2023: Testing a novel AI based productivity analysis and production optimization method in a production company
The objective of the project was to test the production performance at Trimtex and identify solutions to increase operational efficiency by optimizing order fulfillment and production cycle times. This was achieved through the validating of production flows using simulation methods and AI-based solutions in decision-making processes.
A key focus of the project was the evaluation of the interfacing of the DIMUSA MES system into the Trimtex production process to enable real-time data collection, analysis, and optimization. The optimization recommendations based on the collected data help improve production efficiency, reduce costs, and ensure high product quality. The DIMUSA MES system enables seamless data exchange with other company systems, providing a comprehensive solution for managing production and supply chains. In summary, the data collected offers a detailed overview of the production process and allows for informed decision-making to improve efficiency and increase productivity.
The validation of an AI-based optimization model and the application of cluster analysis based on production process data helps improve both the efficiency and quality of the production process at Trimtex.
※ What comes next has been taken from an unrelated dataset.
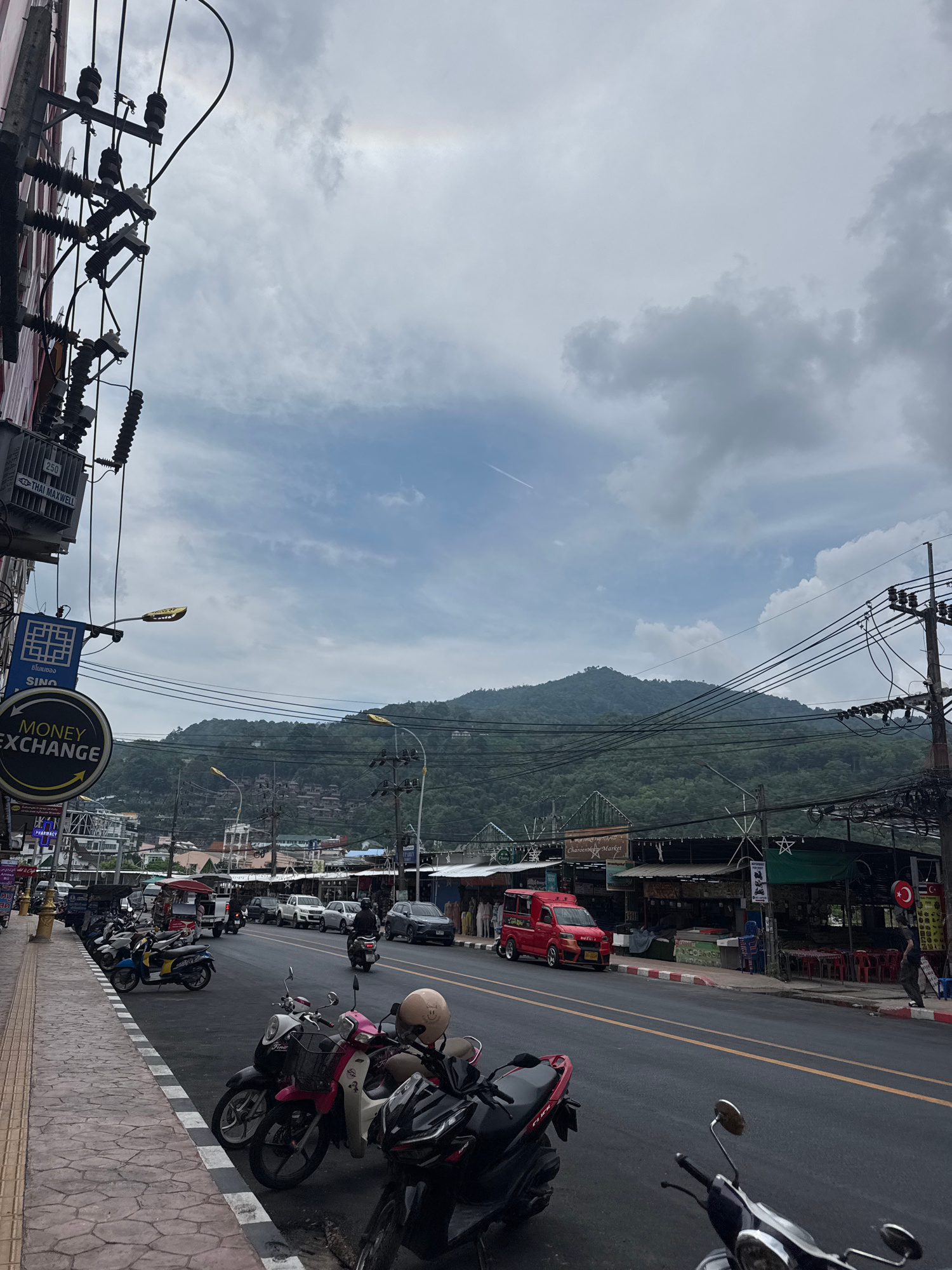 The image depicts a street scene in Patong, Thailand, under a cloudy sky. A mountain rises in the background. Utility poles and wires crisscross the view. A street lined with parked motorbikes runs al…read more
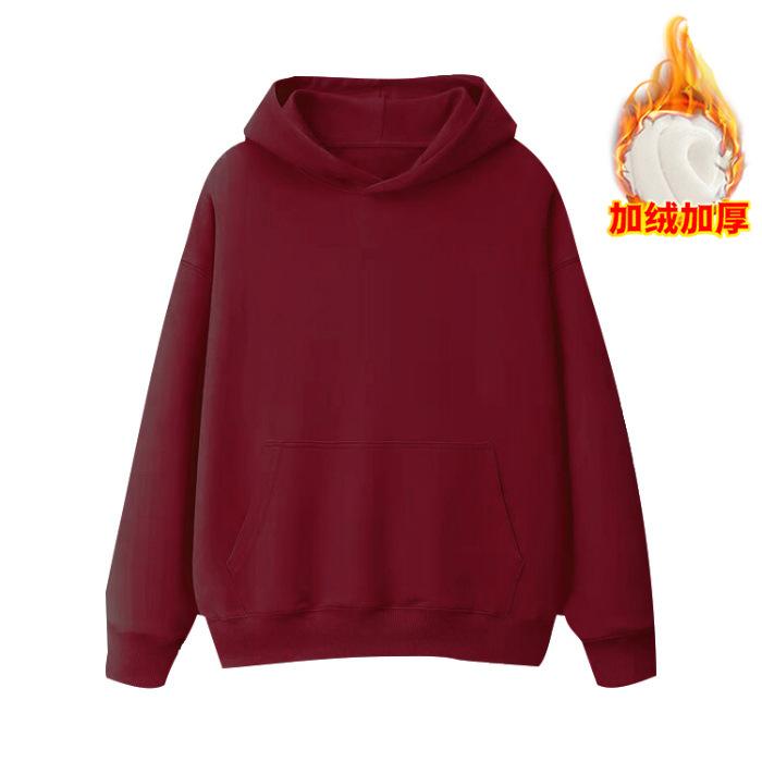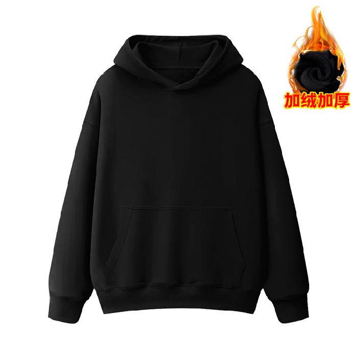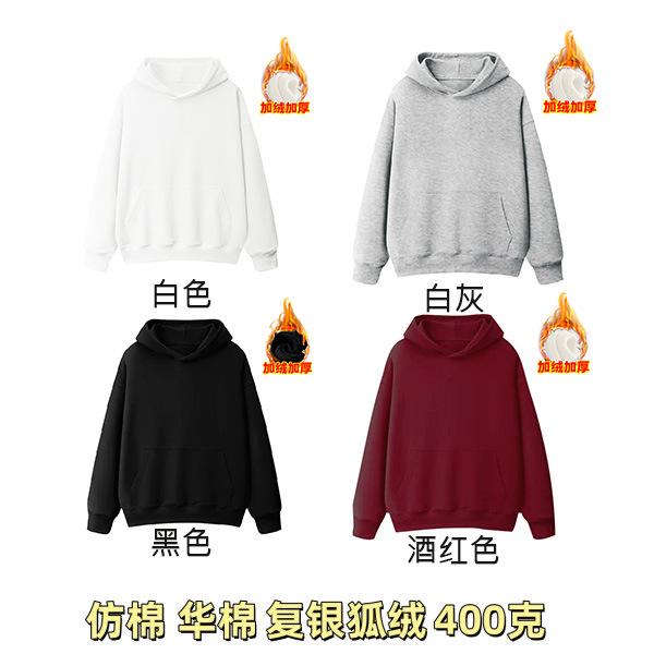 400g Suéter de cor sólida com ombros soltos, masculino e feminino, nova marca de moda, forrado de lã, com capuz grosso, tamanho grande, camisa em branco

The analyses conducted in the project, the methodologies applied, and the use of interfacing capabilities between systems proved that this approach enables the analysis of production, identification of bottlenecks, and finding opportunities for improvement. Moving forward, the company can essentially choose different paths. By focusing on the DIMUSA MES system, it is possible to highlight cause-and-effect relationships and address production improvements and corrective actions retrospectively.
By evaluating the interfacing AI technologies with the MES/ERP solution, the company could move towards a predictive approach in the entire order execution process framework, proactively generating order portfolios, production volumes, subunit load distributions, and equipment utilization. Additionally, this could allow for analyzing the efficiency of product mix throughput across the entire value chain.